VM-X surfaces both the read tokens (cachedTokens) and the write tokens (cacheCreationInputTokens, with 5m / 1h split) on every audit row, and the Cost breakdown shows cacheCreationCost separately so you can verify the cache is paying off.

Where the pricing comes from

The model_pricing table is seeded by migration 17-create-model-pricing-table.ts from a bundled fallback snapshot (packages/api/src/data/pricing-fallback.json) and refreshed by PricingSyncService — a daily cron (PRICING_SYNC_CRON, default 0 3 * * *) that pulls the latest provider rates from the configured PRICING_SYNC_URL and overwrites the SYSTEM-source rows. Operator overrides written via Settings → Pricing are stored as USER-source rows and are never touched by the sync. If a sync fetch fails, the bundled fallback is used so cost calc never falls back to zero on transient errors.

Exporting Audit Logs

Audit logs can be exported for:

Compliance requirements
Analysis in external tools
Backup and archival

Usage Metrics

Usage metrics are computed by aggregating the Postgres request_audit table on demand — there is no separate time-series store.

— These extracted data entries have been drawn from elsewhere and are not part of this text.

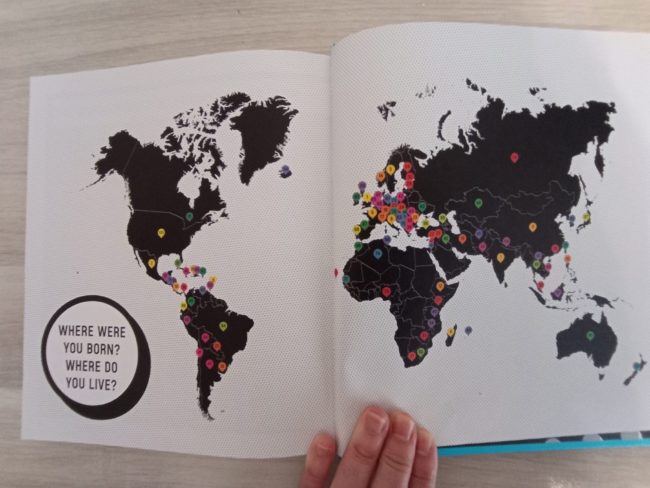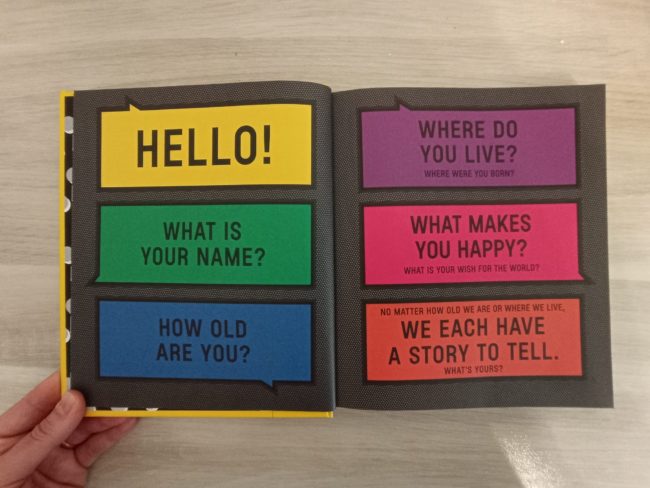 Cada página corresponde a una persona que saluda en su idioma y se presenta respondiendo a seis preguntas. ¿Cómo te llamas?¿Cuántos años tienes? ¿Dónde vives? ¿Dónde naciste? ¿Qué te hace feliz?¿Cuál es tu deseo para el mundo?
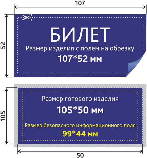 Размер билета с припусками на обрез 107x52 мм (т.е. по 1 мм с каждого края);
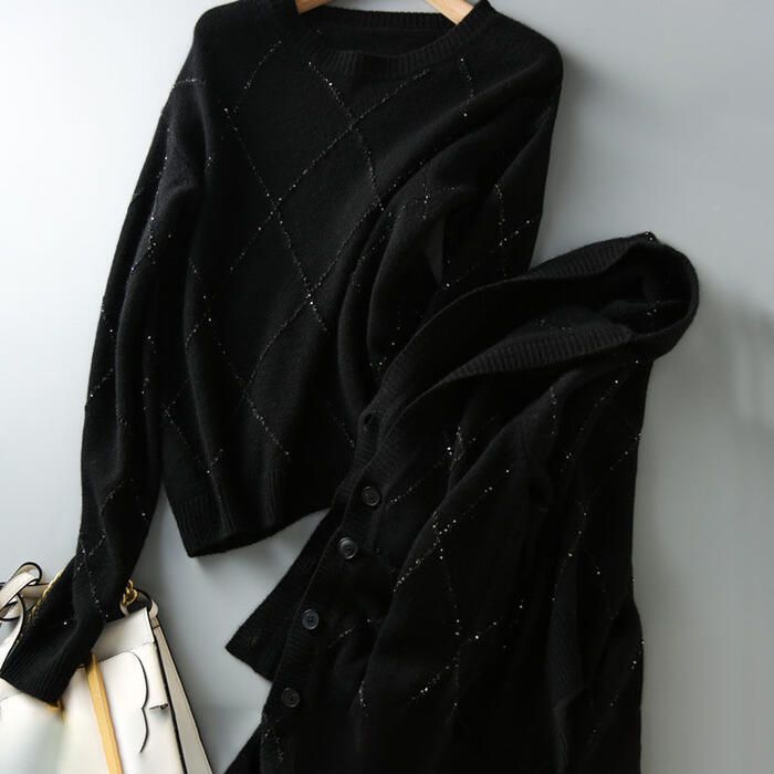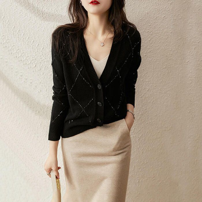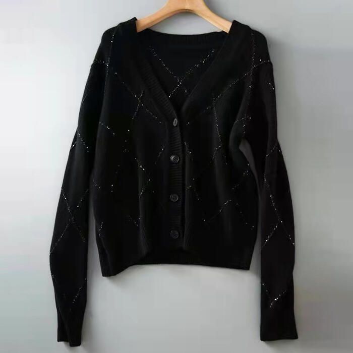 トップス ニット カーディガン セーター ダイヤ柄 クルーネック きれいめ 通勤 羽織 薄手アウター レディース ブラック おしゃれ 長袖 大人可愛い カジュアル

The Usage page issues a single RequestUsageQueryDto to POST /request-usage/:workspaceId/:environmentId, the API translates it into a Kysely / SQL query against request_audit, and the results stream back as time-bucketed rows the UI charts directly.

Metrics Tracked

The agg field of the query selects which metric columns to roll up, and the dimensions field selects which columns to group by. The supported metrics (CompletionMetrics) and their backing columns:

Tokens: promptTokens, outputTokens, totalTokens, cachedTokens, reasoningTokens
Throughput / latency: tokensPerSecond, timeToFirstToken, requestDuration, providerDuration, gateDuration, routingDuration
Counts: requestCount (always 1 per row), errorCount, successCount
Cost: totalCost, inputCost, outputCost, cachedCost, reasoningCost — extracted from the per-row cost JSONB column

Each metric supports sum / avg / min / max / p90 / p95 / p99 aggregations (the percentile flavours map to percentile_cont in Postgres).

Group-by dimensions

The RequestDimensions enum is the authoritative list of standard group-by keys, all backed by indexed columns on request_audit:

workspaceId, environmentId, connectionId, resourceId, provider, model, requestId, messageId, failureReason, statusCode, correlationId, apiKeyId, sourceIp, userId.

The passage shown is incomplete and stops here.